Below are entries with pictures among them; reproduce exactly, and only, the lines from the one containing "Toelichting: De data" down to the one containing "Hochlader, Tandem, gebremst, Stahl", without the pictures.

## SUPPLIED RECORDS
[Start of Attachment]
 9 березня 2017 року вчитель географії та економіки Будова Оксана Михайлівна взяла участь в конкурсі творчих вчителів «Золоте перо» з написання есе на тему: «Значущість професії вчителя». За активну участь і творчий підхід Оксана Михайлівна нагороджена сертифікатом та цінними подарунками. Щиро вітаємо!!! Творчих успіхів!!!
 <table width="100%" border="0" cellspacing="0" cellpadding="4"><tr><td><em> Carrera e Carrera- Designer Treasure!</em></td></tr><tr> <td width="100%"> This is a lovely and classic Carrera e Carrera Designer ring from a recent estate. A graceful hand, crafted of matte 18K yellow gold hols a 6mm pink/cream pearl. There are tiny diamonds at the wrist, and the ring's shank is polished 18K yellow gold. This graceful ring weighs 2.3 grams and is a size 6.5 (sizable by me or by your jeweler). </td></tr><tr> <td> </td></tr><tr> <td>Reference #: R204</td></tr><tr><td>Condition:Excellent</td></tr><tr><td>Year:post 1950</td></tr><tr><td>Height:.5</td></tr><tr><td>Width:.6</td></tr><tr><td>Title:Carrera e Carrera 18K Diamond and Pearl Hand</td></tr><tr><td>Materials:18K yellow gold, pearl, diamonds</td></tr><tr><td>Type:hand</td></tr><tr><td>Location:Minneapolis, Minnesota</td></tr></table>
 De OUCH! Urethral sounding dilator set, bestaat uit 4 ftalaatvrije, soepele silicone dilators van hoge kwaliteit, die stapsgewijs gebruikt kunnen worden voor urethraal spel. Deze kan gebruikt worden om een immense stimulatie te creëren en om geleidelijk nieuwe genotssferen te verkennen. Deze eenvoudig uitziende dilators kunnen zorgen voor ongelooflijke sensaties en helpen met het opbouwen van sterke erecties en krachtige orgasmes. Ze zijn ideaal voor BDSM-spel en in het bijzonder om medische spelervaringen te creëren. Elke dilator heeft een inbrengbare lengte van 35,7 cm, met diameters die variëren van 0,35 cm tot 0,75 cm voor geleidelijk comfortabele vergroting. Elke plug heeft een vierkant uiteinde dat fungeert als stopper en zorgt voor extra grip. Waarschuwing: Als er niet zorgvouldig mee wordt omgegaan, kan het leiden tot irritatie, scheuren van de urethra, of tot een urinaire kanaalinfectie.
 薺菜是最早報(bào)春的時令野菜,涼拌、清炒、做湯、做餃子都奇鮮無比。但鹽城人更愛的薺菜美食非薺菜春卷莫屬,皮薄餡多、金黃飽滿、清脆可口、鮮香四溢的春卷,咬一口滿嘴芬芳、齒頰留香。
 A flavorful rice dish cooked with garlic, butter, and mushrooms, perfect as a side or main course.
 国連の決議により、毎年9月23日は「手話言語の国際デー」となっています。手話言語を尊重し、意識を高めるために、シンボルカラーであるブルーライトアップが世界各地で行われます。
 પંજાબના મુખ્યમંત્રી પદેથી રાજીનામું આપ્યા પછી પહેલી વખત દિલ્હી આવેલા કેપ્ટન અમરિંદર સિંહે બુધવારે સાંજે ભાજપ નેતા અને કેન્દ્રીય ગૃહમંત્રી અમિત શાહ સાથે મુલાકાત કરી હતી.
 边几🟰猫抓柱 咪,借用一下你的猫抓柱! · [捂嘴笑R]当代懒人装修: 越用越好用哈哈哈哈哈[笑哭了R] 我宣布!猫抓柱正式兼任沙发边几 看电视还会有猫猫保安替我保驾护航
[End of Attachment]
[Start of Attachment]
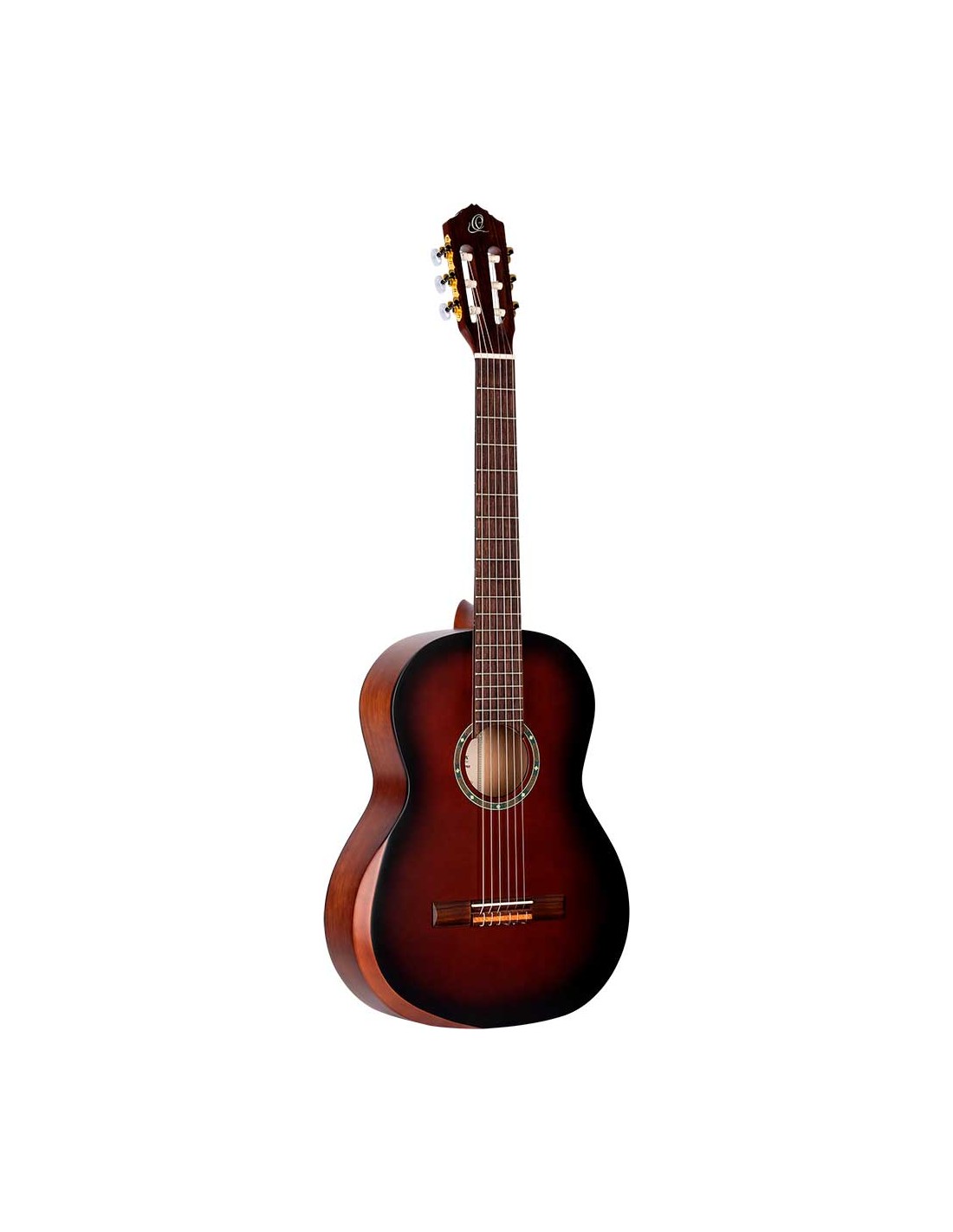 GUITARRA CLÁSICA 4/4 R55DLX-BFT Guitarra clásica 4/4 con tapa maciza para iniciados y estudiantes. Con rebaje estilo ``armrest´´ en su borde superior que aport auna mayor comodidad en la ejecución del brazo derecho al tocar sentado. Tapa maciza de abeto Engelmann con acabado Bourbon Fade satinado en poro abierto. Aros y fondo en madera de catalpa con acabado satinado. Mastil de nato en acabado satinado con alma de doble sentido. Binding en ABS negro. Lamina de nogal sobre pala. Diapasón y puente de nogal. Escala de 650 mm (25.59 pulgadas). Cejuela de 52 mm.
[End of Attachment]
[Start of Attachment]
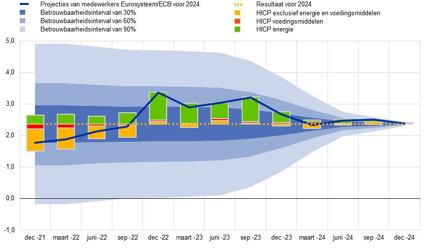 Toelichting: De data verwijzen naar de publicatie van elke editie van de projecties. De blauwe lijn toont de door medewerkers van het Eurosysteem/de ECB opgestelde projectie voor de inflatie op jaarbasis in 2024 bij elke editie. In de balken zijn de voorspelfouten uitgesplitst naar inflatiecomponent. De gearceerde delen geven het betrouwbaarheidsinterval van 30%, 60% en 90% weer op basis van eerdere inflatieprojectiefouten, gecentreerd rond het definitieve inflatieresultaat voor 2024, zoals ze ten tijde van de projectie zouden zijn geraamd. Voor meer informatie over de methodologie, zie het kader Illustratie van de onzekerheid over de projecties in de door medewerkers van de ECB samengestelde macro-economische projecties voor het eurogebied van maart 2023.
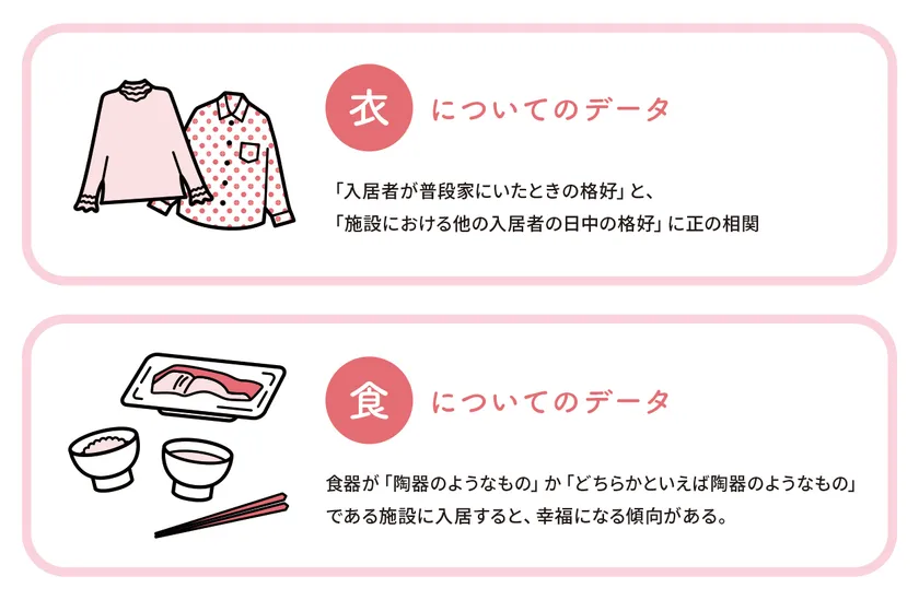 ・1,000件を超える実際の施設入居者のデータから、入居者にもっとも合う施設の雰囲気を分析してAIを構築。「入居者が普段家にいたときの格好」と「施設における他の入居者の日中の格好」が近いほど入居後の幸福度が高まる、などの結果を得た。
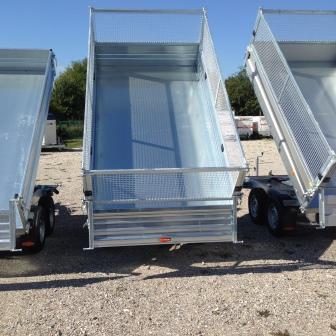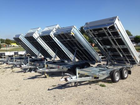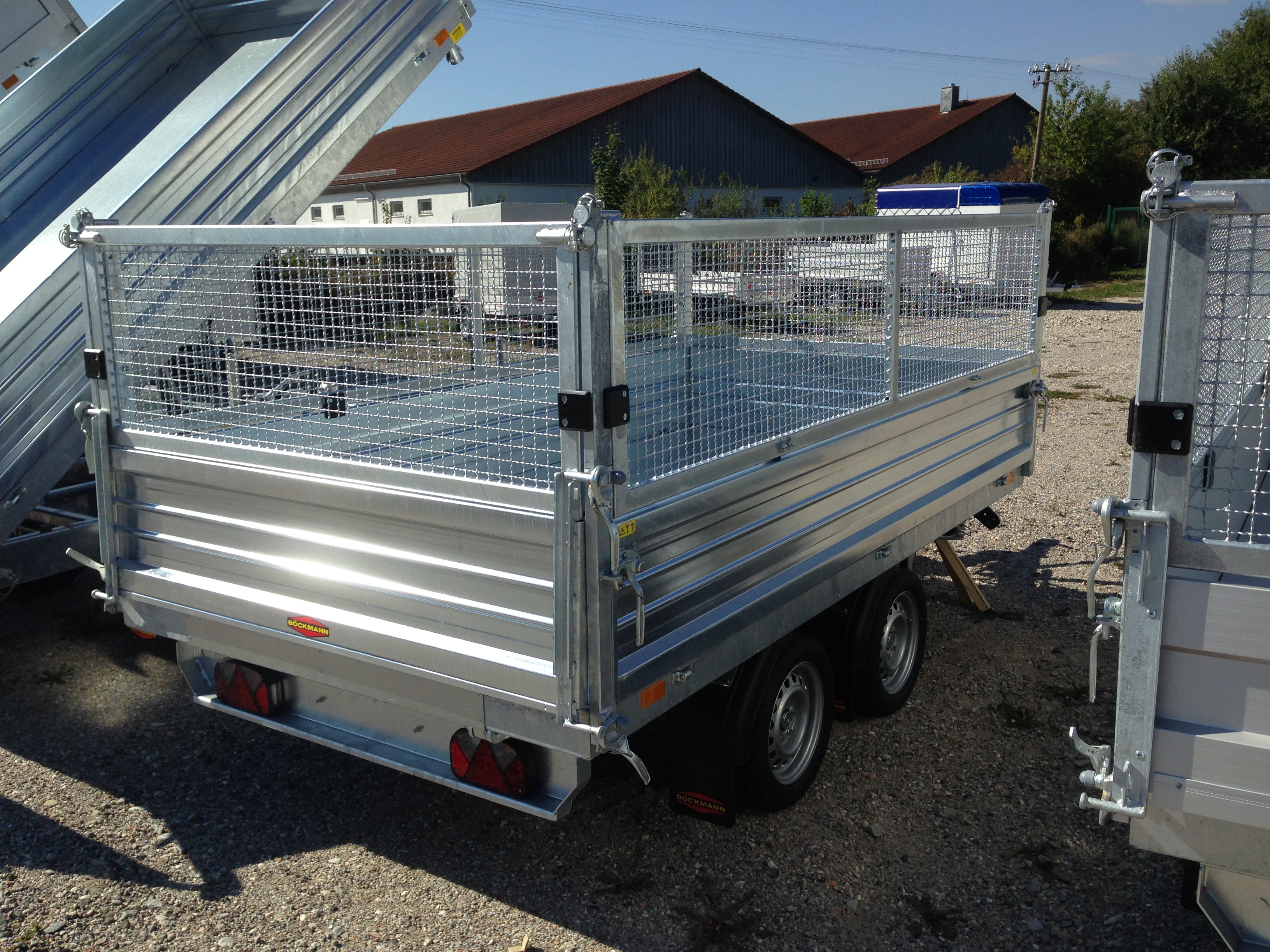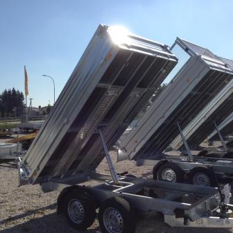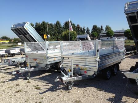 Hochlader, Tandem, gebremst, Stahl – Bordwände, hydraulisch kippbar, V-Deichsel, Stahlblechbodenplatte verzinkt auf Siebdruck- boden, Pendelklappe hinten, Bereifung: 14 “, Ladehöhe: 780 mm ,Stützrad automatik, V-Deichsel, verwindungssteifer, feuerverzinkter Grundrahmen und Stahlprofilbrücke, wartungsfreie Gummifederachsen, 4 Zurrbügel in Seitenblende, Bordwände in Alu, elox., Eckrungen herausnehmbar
[End of Attachment]
## ANSWER
 Toelichting: De data verwijzen naar de publicatie van elke editie van de projecties. De blauwe lijn toont de door medewerkers van het Eurosysteem/de ECB opgestelde projectie voor de inflatie op jaarbasis in 2024 bij elke editie. In de balken zijn de voorspelfouten uitgesplitst naar inflatiecomponent. De gearceerde delen geven het betrouwbaarheidsinterval van 30%, 60% en 90% weer op basis van eerdere inflatieprojectiefouten, gecentreerd rond het definitieve inflatieresultaat voor 2024, zoals ze ten tijde van de projectie zouden zijn geraamd. Voor meer informatie over de methodologie, zie het kader Illustratie van de onzekerheid over de projecties in de door medewerkers van de ECB samengestelde macro-economische projecties voor het eurogebied van maart 2023.
 ・1,000件を超える実際の施設入居者のデータから、入居者にもっとも合う施設の雰囲気を分析してAIを構築。「入居者が普段家にいたときの格好」と「施設における他の入居者の日中の格好」が近いほど入居後の幸福度が高まる、などの結果を得た。
 Hochlader, Tandem, gebremst, Stahl – Bordwände, hydraulisch kippbar, V-Deichsel, Stahlblechbodenplatte verzinkt auf Siebdruck- boden, Pendelklappe hinten, Bereifung: 14 “, Ladehöhe: 780 mm ,Stützrad automatik, V-Deichsel, verwindungssteifer, feuerverzinkter Grundrahmen und Stahlprofilbrücke, wartungsfreie Gummifederachsen, 4 Zurrbügel in Seitenblende, Bordwände in Alu, elox., Eckrungen herausnehmbar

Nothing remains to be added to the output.